There’s an abundance of articles, blogs, and reports these days that talk about the general importance of Big Data. Recently, however, numerous publications about Lean Data, Lean Data Analytics, and Lean approaches to Big Data have caught my attention. In particular, a recent blog post in The Guardian by Matti Keltanen jumped out at me with the headline: “The big data hype may not help you make the right decisions for your business – and there are four reasons why a lean approach makes better sense.”
In my opinion, this perspective is on the right track but a bit too simplistic – Big Data can help businesses understand, produce, communicate and build better products. But there are some common mistakes that can be addressed and solved – with the help of lean data – in order to make the most of the Big Data available to us.
Common mistakes about Big Data
One of the primary questions surrounding Big Data is whether it’s all just hype. Should executives simply continue business as usual and ignore the Big Data challenge?
Let me answer that with two common mistakes we see around big data.
The first one is to look at Big Data solely from a technology perspective. Some technology vendors will tell you that to solve the Big Data problem, you just need to acquire advanced analytical tools and data management infrastructure to collect all possible data points and apply maximum computing power to find tiny pieces of “data gold” that may represent breakthrough insights.
The other mistake is to ignore Big Data completely, and instead rely only on intuition and past business experience while using traditional limited data points to make decisions.

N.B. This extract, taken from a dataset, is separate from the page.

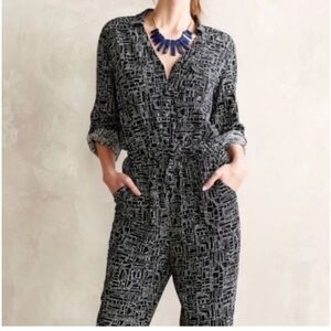 Anthropologie Lilia Black and White Geometric Patterned Jumpsuit

The reality is, both of these approaches are counterproductive. The first one is expensive, and creates a lot of waste that may even prevent an organization from finding real critical business insights from an ocean of Big Data. The second approach, meanwhile, may create blind spots in understanding the fast-changing business environment, and may keep executives in the dark about changing realities… until it is too late.
Is there a better approach?
There is a growing interest in the “lean” approach to solve the Big Data problem. Indeed, the lean way to deal with it allows us to avoid or minimize the risks I’ve mentioned – but it must be applied in the right way.
In the beginning of my career, I learned how to apply scientific research not only to astrophysics but also to a wide range of business and technology problems across different situations. What’s interesting is that both the scientific and lean approaches use incremental learning and discovery to support continuous progress in our understanding of the laws of nature; they also help us glean insights that will assist us in making better business decisions.
How to apply the lean data way to solve the Big Data problem for business
There are 5 core Lean Data Management principles we can apply to solve the Big Data problem:
- Measure and act upon only those data points that are important to your current business situation. If you’re unsure about which data points may have the biggest impact on your business performance, consider those indicators that measure your strategic business objectives such as:
- Acquiring new customers
- Generating more business from existing customers
- Reducing the cost of customer acquisition
- Identifying and servicing the customers that generate the most profit
- Improving customer retention
Admittedly, selecting your optimal data points may not be simple or straightforward. If this is the case, it may be helpful to hire a data scientist who can use data mining algorithms to find which data points have the most meaningful impact on your business.
- Apply an experimental approach to measure the impact of changes to product, operations and marketing. It’s a good idea to do a limited number of changes at any given time. This process makes analyzing samples of data before and after the changes effective and more conclusive. Applying basic rules of experimental science as well as the rigour of data interpretation will help distinguish real insights from the noise.
- Plan effective data collection. You need to have clean data that does not cause misleading interpretations. In many cases, relative ratio or relative trends are the most important, so try to make data collection consistent. If you need absolute values, calibrate a small sample of data that you may easily restore using relative ratio changes over time.
- Avoid collecting and processing data points that do not provide value for decision-making (even if they’re easy to collect!). From my experience, people sometimes measure data points that are readily accessible and prepare nice, colourful graphic reports that in reality are completely useless. I often notice this happens with web analytics and social media metrics. It makes much more sense to invest some effort in collecting valuable data points – such as with custom tagging, bar codes, or by integrating meaningful data tracking within your applications.
- Select reporting and analytical tools that are simple to use, and provide dashboards that are easily accessible. You want simple and easy to use tools that provide you with a view of the most important data, and how it affects your business. Unless you have strong data mining, statistical and data analytical skills – not to mention an excess of time – there is no need to invest in the most expensive and complex data mining or analytical tools. Leave heavy lifting of complex data processing and advanced predictive modeling to professional analysts and data scientists.
Conclusion
You should not try to solve the problem of Big Data with massive technology investments only – nor do you want to ignore it completely. The lean approach that simplifies data collection and measurement is the most effective. (The famous Einstein principle: “Everything should be made as simple as possible, but not simpler” is exceptionally fitting here).
Applying the lean approach to Big Data provides significant benefits when we apply lessons from experimental sciences to solve business problems and base solutions on insights that are found within existing data.